## DESCRIPTION OF THE TASK:
This exercise calls for every record to be returned exactly, with pictures removed.

## ENTRIES SUPPLIED:

----------

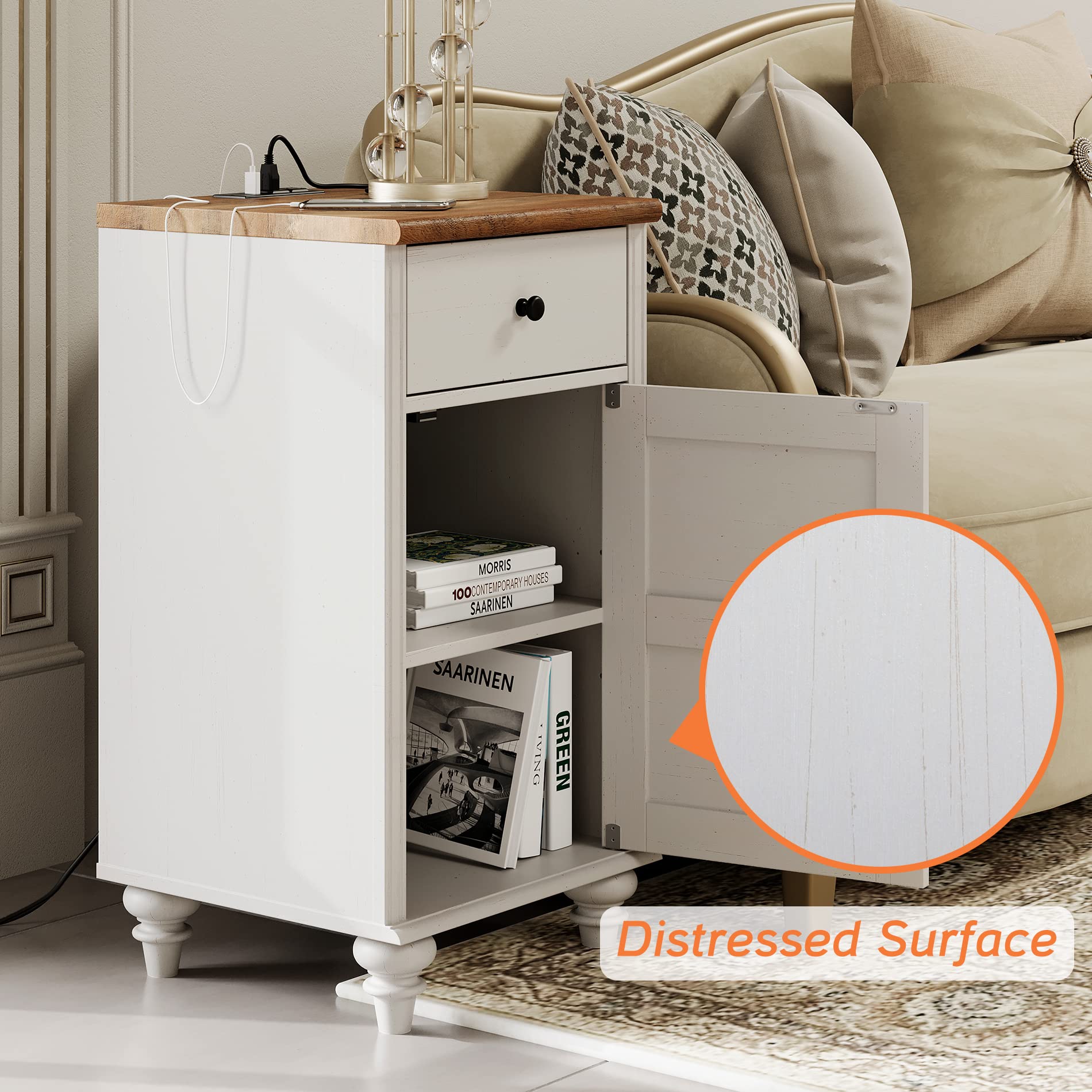 WAMPAT Set of 2 End Table with Charging Station, Wood Nightstands with Drawer and Storage Cabinet, Modern Side Tables Living Room Set of 2, Farmhouse Night Stands Bedside Table for Bedroom, White
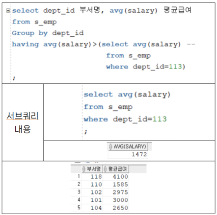 Having절에서의 SubQuery
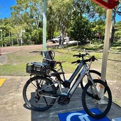 Man kommt in 20 Minuten mit einer Personenfähre ab Townsville zur Insel. Wer sein Auto mitbringen will, muss die langsamere Autofähre nehmen. Entlang der Bays gibt es eine Straße, auf der auch Busse fahren. Wir haben uns aber E-Bikes geliehen. Ich dachte mir, dass das auch mal eine gute Gelegenheit ist, am Linksverkehr teilzunehmen. Es ist nur wenig Verkehr hier. Und für Hea-Jee eine Gelegenheit, mal ein E-Bike auszuprobieren. Außerdem waren wir so etwas flexibler.
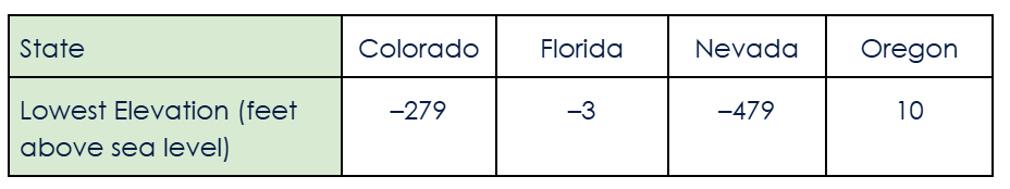 The chart shows the lowest elevations for four states.
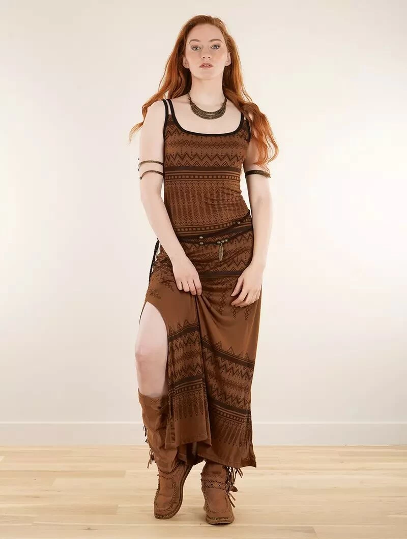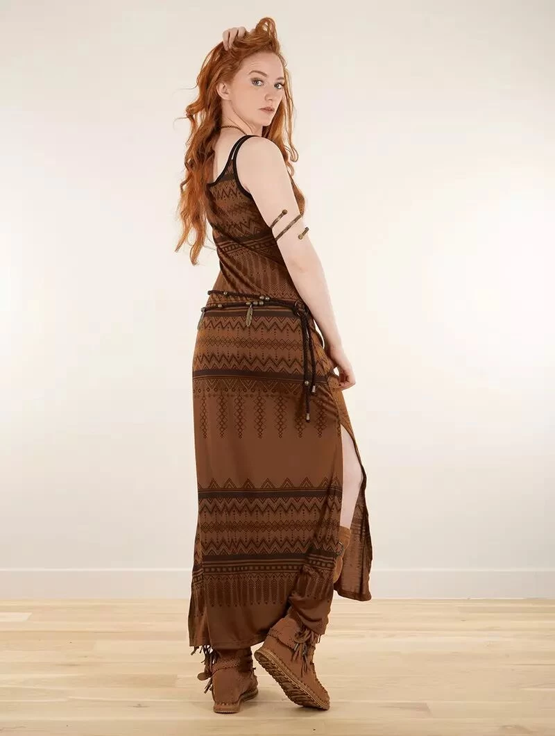 Robe longue tattoo à doubles bretelles “Electra Aztec” by Gado Gado :
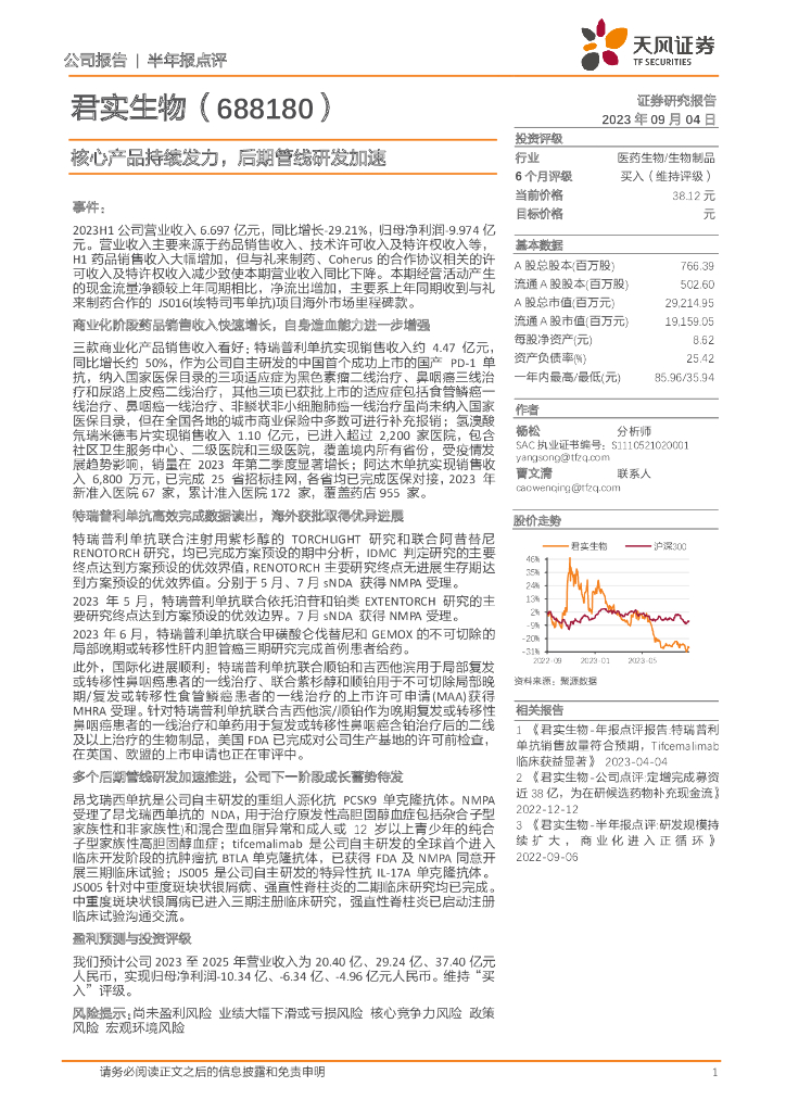 天风证券:君实生物(688180)-核心产品持续发力,后期管线研发加速.pdf
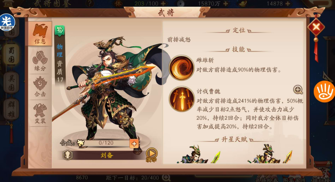 输出武将优先选高爆发、增伤类战法,虹金品质的合纵连横适配性极强,造成伤害时目标生命越低增伤越高,回合末还能获得已损失生命35%的护盾,兼顾收割与续航,同列友军可分摊伤害并降低敌方属性,同排武将虹御伤害大幅提升,适合赵云、夏侯惇这类核心输出;赤金的赤霄金乌主打日炎灼烧与防御削弱,不可清除的持续真实伤害能稳定压制血线,还可清除敌方增益,适配吴国灼烧流与群雄爆发流;紫金的祸蛊普攻触发概率高,锁定敌方生命最高单位持续下血,适合副输出补伤害,资源有限时可优先兑换稳定获取的犀甲,生命低于一半时提升防御与格挡,给前排输出兼坦度的武将佩戴,能大幅提升生存能力。

----------

## WRITTEN ANSWER:
 WAMPAT Set of 2 End Table with Charging Station, Wood Nightstands with Drawer and Storage Cabinet, Modern Side Tables Living Room Set of 2, Farmhouse Night Stands Bedside Table for Bedroom, White
 Having절에서의 SubQuery
 Man kommt in 20 Minuten mit einer Personenfähre ab Townsville zur Insel. Wer sein Auto mitbringen will, muss die langsamere Autofähre nehmen. Entlang der Bays gibt es eine Straße, auf der auch Busse fahren. Wir haben uns aber E-Bikes geliehen. Ich dachte mir, dass das auch mal eine gute Gelegenheit ist, am Linksverkehr teilzunehmen. Es ist nur wenig Verkehr hier. Und für Hea-Jee eine Gelegenheit, mal ein E-Bike auszuprobieren. Außerdem waren wir so etwas flexibler.
 The chart shows the lowest elevations for four states.
 Robe longue tattoo à doubles bretelles “Electra Aztec” by Gado Gado :
 天风证券:君实生物(688180)-核心产品持续发力,后期管线研发加速.pdf
 输出武将优先选高爆发、增伤类战法,虹金品质的合纵连横适配性极强,造成伤害时目标生命越低增伤越高,回合末还能获得已损失生命35%的护盾,兼顾收割与续航,同列友军可分摊伤害并降低敌方属性,同排武将虹御伤害大幅提升,适合赵云、夏侯惇这类核心输出;赤金的赤霄金乌主打日炎灼烧与防御削弱,不可清除的持续真实伤害能稳定压制血线,还可清除敌方增益,适配吴国灼烧流与群雄爆发流;紫金的祸蛊普攻触发概率高,锁定敌方生命最高单位持续下血,适合副输出补伤害,资源有限时可优先兑换稳定获取的犀甲,生命低于一半时提升防御与格挡,给前排输出兼坦度的武将佩戴,能大幅提升生存能力。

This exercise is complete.